Storage and Stability
Unopened vials of Topotecan for Injection (topotecan hydrochloride) are stable until the date indicated on the package, when stored between 15 ºC and 30 ºC and protected from light in the original package.
Since the vials contain no preservative, it is recommended that the product be used immediately after reconstitution. If not used immediately, the reconstituted solution should be stored in a refrigerator between 2 ºC and 8 ºC or stored at room temperature between 15 ºC and 30 ºC and discarded after 24 hours.

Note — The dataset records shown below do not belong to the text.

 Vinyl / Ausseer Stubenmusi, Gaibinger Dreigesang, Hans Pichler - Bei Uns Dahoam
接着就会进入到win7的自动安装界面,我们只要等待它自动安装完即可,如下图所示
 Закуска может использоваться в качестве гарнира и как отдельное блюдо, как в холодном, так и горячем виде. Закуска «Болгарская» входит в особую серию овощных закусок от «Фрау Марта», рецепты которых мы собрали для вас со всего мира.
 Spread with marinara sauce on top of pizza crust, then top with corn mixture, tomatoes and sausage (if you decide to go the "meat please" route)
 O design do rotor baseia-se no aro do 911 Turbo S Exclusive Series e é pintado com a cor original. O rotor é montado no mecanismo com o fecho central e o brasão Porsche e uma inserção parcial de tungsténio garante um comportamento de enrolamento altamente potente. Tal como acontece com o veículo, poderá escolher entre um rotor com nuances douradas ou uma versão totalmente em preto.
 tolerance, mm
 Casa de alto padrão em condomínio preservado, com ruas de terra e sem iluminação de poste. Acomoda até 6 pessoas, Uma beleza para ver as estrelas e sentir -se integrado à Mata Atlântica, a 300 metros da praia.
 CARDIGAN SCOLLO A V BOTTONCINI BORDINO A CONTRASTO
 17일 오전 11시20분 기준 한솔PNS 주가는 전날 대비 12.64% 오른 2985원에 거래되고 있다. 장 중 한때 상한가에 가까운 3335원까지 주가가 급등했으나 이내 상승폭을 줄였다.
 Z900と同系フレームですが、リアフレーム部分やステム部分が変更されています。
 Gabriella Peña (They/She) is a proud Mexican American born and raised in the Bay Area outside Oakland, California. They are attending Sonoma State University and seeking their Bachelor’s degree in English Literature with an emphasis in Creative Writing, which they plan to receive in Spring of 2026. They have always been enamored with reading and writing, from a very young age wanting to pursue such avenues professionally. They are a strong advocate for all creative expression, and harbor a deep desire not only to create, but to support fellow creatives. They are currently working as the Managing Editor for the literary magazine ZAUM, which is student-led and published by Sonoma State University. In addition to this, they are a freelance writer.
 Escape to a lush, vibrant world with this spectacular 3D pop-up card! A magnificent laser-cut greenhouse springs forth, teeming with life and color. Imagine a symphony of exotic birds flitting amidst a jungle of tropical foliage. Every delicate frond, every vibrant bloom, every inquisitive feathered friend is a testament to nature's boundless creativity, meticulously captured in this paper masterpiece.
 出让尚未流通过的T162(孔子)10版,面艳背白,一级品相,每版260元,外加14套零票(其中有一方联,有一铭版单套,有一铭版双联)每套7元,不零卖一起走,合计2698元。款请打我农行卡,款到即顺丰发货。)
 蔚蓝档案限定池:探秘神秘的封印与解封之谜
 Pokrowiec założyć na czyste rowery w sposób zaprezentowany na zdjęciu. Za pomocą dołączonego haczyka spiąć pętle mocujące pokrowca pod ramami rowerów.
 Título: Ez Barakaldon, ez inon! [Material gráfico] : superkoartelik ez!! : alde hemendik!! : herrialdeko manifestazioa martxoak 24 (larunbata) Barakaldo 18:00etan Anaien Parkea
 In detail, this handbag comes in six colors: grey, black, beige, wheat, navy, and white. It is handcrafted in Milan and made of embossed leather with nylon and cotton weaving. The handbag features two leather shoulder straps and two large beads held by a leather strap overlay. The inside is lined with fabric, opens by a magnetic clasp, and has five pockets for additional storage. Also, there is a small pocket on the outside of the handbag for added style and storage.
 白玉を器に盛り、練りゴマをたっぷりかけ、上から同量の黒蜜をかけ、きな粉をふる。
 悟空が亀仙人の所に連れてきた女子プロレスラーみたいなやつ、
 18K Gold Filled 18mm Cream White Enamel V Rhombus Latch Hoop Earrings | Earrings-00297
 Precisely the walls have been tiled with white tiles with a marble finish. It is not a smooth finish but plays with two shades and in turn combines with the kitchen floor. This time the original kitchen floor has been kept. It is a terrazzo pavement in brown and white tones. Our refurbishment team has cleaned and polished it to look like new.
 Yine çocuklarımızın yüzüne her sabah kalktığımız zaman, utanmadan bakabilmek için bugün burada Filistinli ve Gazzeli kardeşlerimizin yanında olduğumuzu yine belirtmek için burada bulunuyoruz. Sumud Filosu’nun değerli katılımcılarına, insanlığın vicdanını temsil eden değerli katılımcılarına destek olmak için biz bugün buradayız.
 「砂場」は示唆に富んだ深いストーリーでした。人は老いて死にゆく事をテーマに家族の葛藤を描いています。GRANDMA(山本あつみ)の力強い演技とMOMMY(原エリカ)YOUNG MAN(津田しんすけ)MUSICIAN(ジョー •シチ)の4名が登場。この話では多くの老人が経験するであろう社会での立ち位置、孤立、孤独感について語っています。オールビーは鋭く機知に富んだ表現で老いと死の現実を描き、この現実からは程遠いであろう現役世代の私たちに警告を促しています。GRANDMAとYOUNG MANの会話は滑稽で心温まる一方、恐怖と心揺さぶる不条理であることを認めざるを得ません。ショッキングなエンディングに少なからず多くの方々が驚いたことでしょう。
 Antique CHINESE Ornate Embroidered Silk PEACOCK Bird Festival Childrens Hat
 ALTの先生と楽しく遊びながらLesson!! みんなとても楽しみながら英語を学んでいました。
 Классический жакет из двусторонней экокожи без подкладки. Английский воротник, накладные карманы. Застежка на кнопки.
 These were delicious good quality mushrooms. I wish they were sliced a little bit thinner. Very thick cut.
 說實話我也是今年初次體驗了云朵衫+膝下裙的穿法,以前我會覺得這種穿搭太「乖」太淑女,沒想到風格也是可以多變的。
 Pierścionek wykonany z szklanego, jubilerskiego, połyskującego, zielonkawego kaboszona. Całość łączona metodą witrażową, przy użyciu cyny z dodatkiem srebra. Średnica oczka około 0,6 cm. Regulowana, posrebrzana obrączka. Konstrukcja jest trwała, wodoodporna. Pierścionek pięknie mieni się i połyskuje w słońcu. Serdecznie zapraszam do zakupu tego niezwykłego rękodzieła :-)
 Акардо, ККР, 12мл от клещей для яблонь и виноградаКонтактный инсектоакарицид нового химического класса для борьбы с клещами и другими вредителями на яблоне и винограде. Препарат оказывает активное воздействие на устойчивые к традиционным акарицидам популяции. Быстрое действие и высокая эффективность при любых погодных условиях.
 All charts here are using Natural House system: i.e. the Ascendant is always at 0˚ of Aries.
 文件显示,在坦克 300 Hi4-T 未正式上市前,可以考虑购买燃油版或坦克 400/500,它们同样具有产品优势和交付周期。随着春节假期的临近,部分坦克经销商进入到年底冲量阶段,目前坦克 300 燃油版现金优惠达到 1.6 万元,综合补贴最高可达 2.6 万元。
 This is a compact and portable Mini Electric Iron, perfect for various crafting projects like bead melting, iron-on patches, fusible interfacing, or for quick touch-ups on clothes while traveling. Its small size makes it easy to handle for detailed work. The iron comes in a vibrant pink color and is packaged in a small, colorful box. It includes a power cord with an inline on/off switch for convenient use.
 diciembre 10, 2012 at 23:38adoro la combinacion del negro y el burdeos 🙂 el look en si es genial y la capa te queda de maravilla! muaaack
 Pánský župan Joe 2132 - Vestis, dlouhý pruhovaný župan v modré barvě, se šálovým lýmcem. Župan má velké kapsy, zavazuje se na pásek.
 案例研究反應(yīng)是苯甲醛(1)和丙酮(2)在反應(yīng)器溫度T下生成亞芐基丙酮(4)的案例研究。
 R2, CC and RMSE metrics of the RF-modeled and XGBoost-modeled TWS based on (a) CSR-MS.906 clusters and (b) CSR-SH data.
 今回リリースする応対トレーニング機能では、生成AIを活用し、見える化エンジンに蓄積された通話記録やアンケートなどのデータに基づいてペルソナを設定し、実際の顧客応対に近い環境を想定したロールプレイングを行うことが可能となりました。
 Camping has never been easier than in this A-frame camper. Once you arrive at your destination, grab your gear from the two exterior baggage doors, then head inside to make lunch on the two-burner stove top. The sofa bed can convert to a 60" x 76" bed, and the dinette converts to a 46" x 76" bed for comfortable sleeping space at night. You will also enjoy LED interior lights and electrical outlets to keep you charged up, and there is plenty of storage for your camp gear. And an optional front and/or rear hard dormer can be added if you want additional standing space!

Reconstituted vials of Topotecan for Injection diluted for infusion are stable for up to 24 hours at room temperature between 15ºC and 30ºC with ambient lighting conditions. If not used immediately, the diluted solution should be stored in a refrigerator between 2ºC and 8ºC, up to 24 hours, and in line with good pharmaceutical practice.
Special Handling Instructions
Handling and Disposal
Procedures for proper handling and disposal of anticancer drugs should be used. Several guidelines on this subject have been published.
Dosage Forms, Composition and Packaging
Topotecan for Injection is supplied as a sterile lyophilized, buffered, light yellow to greenish powder available in single-dose vials. Each vial contains topotecan hydrochloride equivalent to 4 mg of topotecan as free base. The reconstituted solution ranges in colour from yellow to yellow-green and is intended for administration by intravenous infusion.
Inactive ingredients consist of mannitol and tartaric acid. Hydrochloric acid and sodium hydroxide may be used to adjust to a pH of 3. The solution pH ranges from 2.5 to 3.5.
Topotecan for Injection is supplied in a 4 mg (free base) single-dose vial, in a package of 5 vials.